Demand and supply are basic aspects of economics. Demand and supply of a commodity or goods like gold can be determined with several factors such as; the prevailing market price, income of an individual, preferences, and choices, season, age and gender among many other factors. Of late we have witnessed a peculiar trend in the gold market where there is a decrease in the prices of gold despite the presence of high gold demand. This occurrence is against the law of demand which states that “The high the demand of a commodity the higher its market prices”. Although recent predictions have possed presence of high demand for gold.

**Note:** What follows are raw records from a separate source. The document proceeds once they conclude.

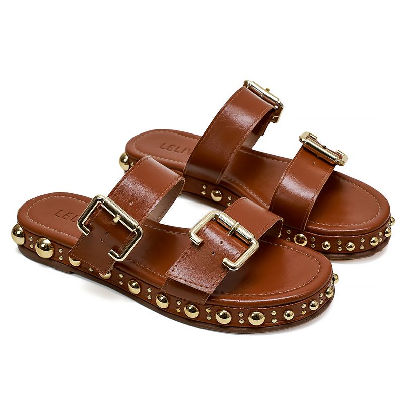 Flatform Martin com design moderno e cheio de atitude. Confeccionada em material sintético de alta qualidade, apresenta duas tiras largas com fivelas metálicas douradas ajustáveis, garantindo praticidade e conforto ao calçar. O destaque fica por conta das aplicações de tachas douradas ao redor do solado, que trazem um toque de estilo e personalidade à peça. A palmilha macia oferece bem-estar durante o uso, ideal para quem busca unir conforto e moda.
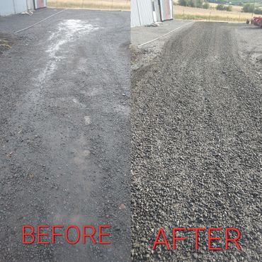 If you have a driveway, parking lot or a gravel surface in need of some maintenance or repair, we can help. Potholes, washboard, ruts and more can be eliminated, improving your gravel surface. We can also freshen up your gravel areas by moving gravel from the sides back to the higher traffic areas. All of this can be done without buying new gravel and paying for grading.
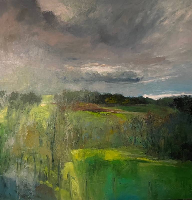 An early fall day with passing showers and changing weather, minute by minute. The green pastures are so intensely green in contrast to the grey skies. A day to watch the ever changing weather story shift from rain to sunshine.
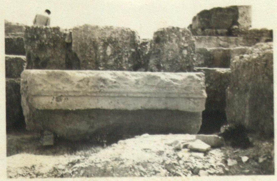 | Context: | Found built into the substructure of the eastward extension of the small 'rectangular building' to the north of the Apollo temple. From the earth in which it was imbedded a few black-glazed sherds, extending down to the fourth century, but probably not later. | |
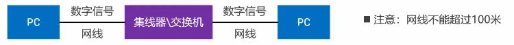 - 中继器:放大信号,延长数据传输距离
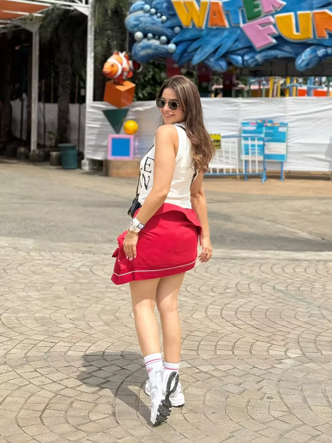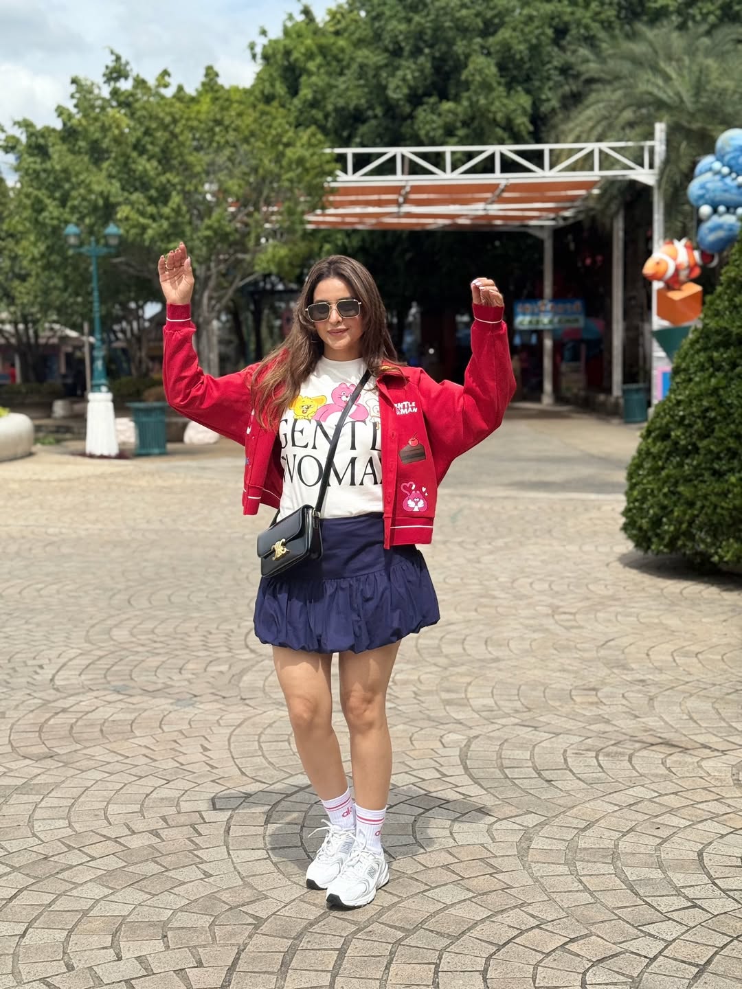 By: Tupaki Desk | 24 Dec 2025 2:59 PM ISTTelevision sensation Aamna Sharif brings effortless fun and chic energy to the streets in this vibrant casual look. Rocking a white blazer adorned with colorful Snoopy cartoons and playful graphics, paired with a black crop top, mini tennis skirt, chunky sneakers, oversized sunglasses, and a mint green handbag, she exudes youthful charm and confidence against an urban backdrop.Wat a fun day

We will look at factors that majorly affects the gold market to determine how each is likely to increase or decrease the price of gold. The primary factors that are likely to affect the price of gold this year or in the future are;
- Demand for physical gold
- Central Bank Buying
- Demand for gold ETFs
- New Mine Supply
- Technical indicators
- The US dollar among many other factors
Increase in physical demand for gold does not always increase the price of gold but it increases the interest in gold. High ETFs supply will definitely increase the prices of gold, and we have witnessed a tremendous in ETFs in the recent past. Central banks around the globe hold golds in their reserves. When they feel they want more they buy more thus increasing the demand for gold. With a constant increase in demand with no new supply, there will always be an increase in gold prices since the market supply cannot match its demand.
Therefore given that most factor that determines the prices of gold are most likely to increase then the prices of gold are also most likely to increase year in, year out.